Effectively Dealing with Sexual Harassment in the Workplace – Do the Blocking and Tackling

Since sexual harassment is currently such a big issue these days, I’m going to talk about the tools I’ve effectively developed and used over the years.  I’m writing this in November of 2017 and you can’t watch TV, listen to the radio, or read anything online without learning about some high profile politician, media personality, or famous celebrity being accused of some form of sexual harassment.

What frustrates me is how it has become such a “popular” thing to expose all of a sudden.  If we are being honest with ourselves, we all already knew this kind of behavior has been going on for years but nobody ever did anything about it.  At the highest level possible, we had a two term President in the 90’s who we all knew engaged in it.  And we now have a current President who was recorded bragging about it before winning the election. We also all knew about the infamous “casting couch” in Hollywood which has been around since the 1920s and probably even earlier. 

I’m frustrated that our society tolerated it for so long.

It’s about time that women are finally feeling comfortable about coming forward with their stories of harassment. There is no place for sexual harassment in our workplace and private lives. Never has been and never will be.

While all of the stories, so far, have been from women, and I fully recognize that most of the victims are going to be women,  I’m waiting to hear some men start coming forward telling their stories of how they were harassed – it happens to all genders, in every industry, in every socioeconomic status, etc.

In fact, two of my three biggest sexual harassment investigations were with women as the instigators.  So I know it’s only a matter of time before we hear about a woman politician, media personality, or celebrity harassing a subordinate. Let’s not forget how many female teachers, a female dominated profession, are being caught having sex with their male underage students. So it cuts both ways.

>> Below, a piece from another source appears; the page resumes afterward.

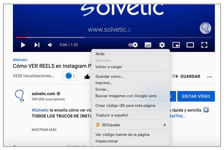 Existen diferentes herramientas para saber qué palabras clave ha usado la competencia para posicionar sus vídeos, pero lo cierto es que al igual que en web lo podemos hacer de manera directa sin tener que instalar ningún tipo de programa. Para ello utilizaremos la opción de inspeccionar la página en la que se encuentra el vídeo de YouTube que queremos analizar.

Both men and women can be deviant creeps.

So how do we stop sexual harassment?  I’ve been reading a lot of articles about how the old traditional ways of dealing with it – an up-to-date policy, training, and investigate quickly and fairly to all complaints – no longer work.  That we must do something different to put an end to it, things like promoting more women and  implementing predictive analytics!

There is no easy solution and, sadly, no matter what we do, sexual harassment will never end.  It is, unfortunately, part of human nature.  Harassment, sexual and other types, have been around since the beginning of time and will be around until the end of time.

The only way to deal with it from an HR standpoint, in my opinion and experience, is to effectively and consistently do the basic blocking and tackling of having a strong and updated policy, conduct training annually and during onboarding, and conducting quick and fair investigations.  

I’ve had a lot of experience handling sexual harassment complaints and investigations.  And I can say that by effectively executing the basics I listed above is the best way of slowing it down and keeping it under control.  It creates a culture that clearly demonstrates that sexual harassment is not tolerated in the workplace and will be quickly addressed.

I have three steps of a Harassment Policy process that I find work best.

First, during onboarding,while reviewing the employee handbook, I stress that there is no tolerance of sexual or any other type of harassment  in our workplace.

When setting up the employee handbook, I make sure the policy is the first one listed so as to emphasize it’s importance. I also make sure I review it, along with our legal council and/or an employment lawyer, at least once every two years (I would do it right now regardless of when it was done earlier because of the current high profile cases in the media) to ensure it’s up to date. It’s also good to make sure the policy is written in plain english, not in legal handbookese that nobody understands.

Make sure each employee’s signee Acknowledgement of Receipt is in their file so there’s evidence that you reviewed the important policies with them.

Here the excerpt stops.